ACTIVITY:
Exact copy, no pictures: output each line below as it stands.

SUPPLIED MATERIAL START

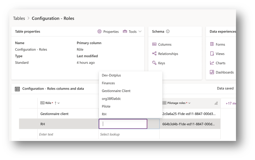La solution Dot+ contient quelques tables de configuration système qui doivent être populées avant l’utilisation de l’application. Les voici.
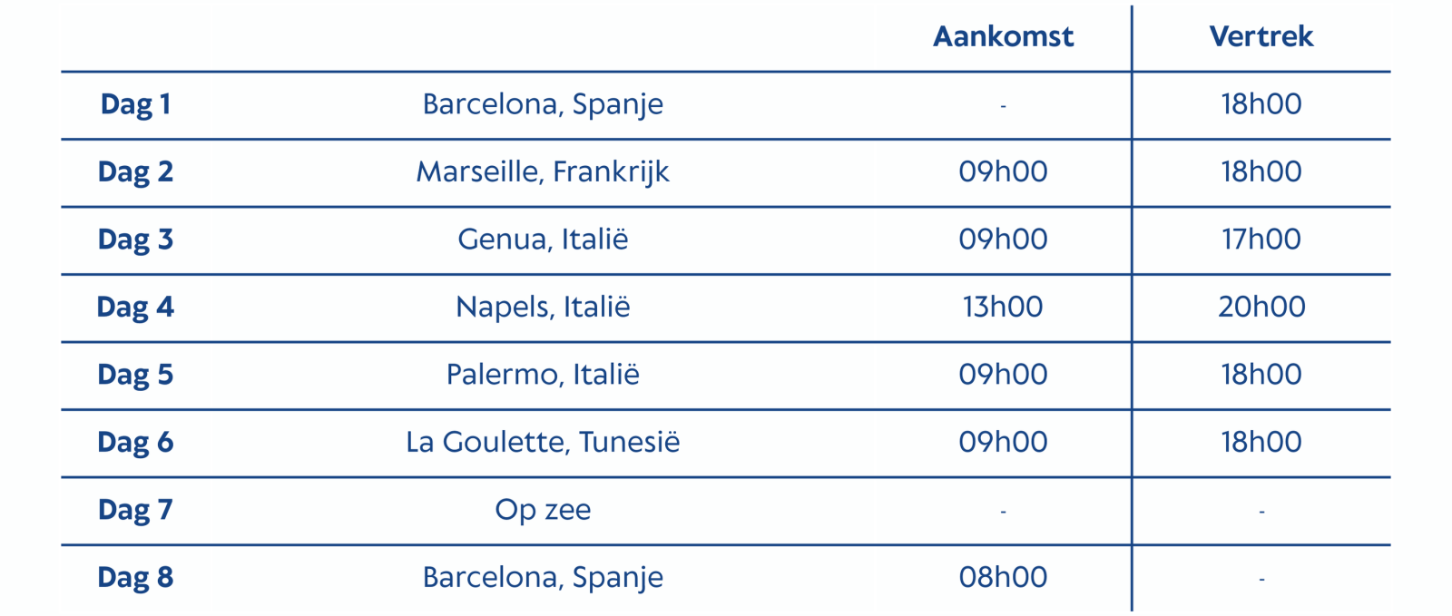 Het pakket geldt elke dag van de cruise (uitgezonderd de dag van ontscheping)
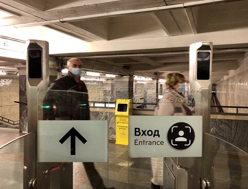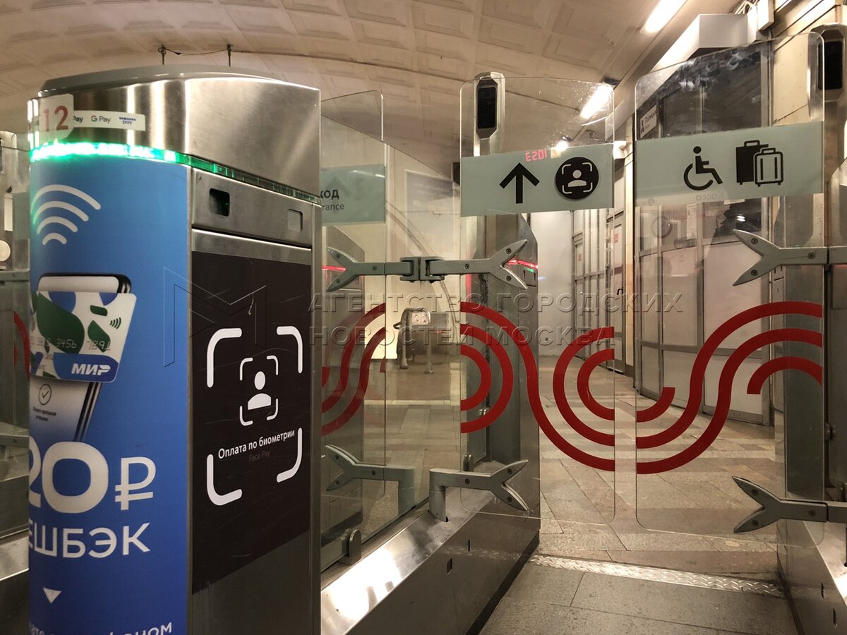 • Заголовок: Указатели у турникетов в московском метро о возможности оплатить проезд с помощью системы Face Pay
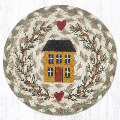 Earth Rugs House & Garland Round Coaster – Large 7" Primitive Country Table Protector

SUPPLIED MATERIAL END

SOLUTION TO THIS TASK:
La solution Dot+ contient quelques tables de configuration système qui doivent être populées avant l’utilisation de l’application. Les voici.
 Het pakket geldt elke dag van de cruise (uitgezonderd de dag van ontscheping)
 • Заголовок: Указатели у турникетов в московском метро о возможности оплатить проезд с помощью системы Face Pay
 Earth Rugs House & Garland Round Coaster – Large 7" Primitive Country Table Protector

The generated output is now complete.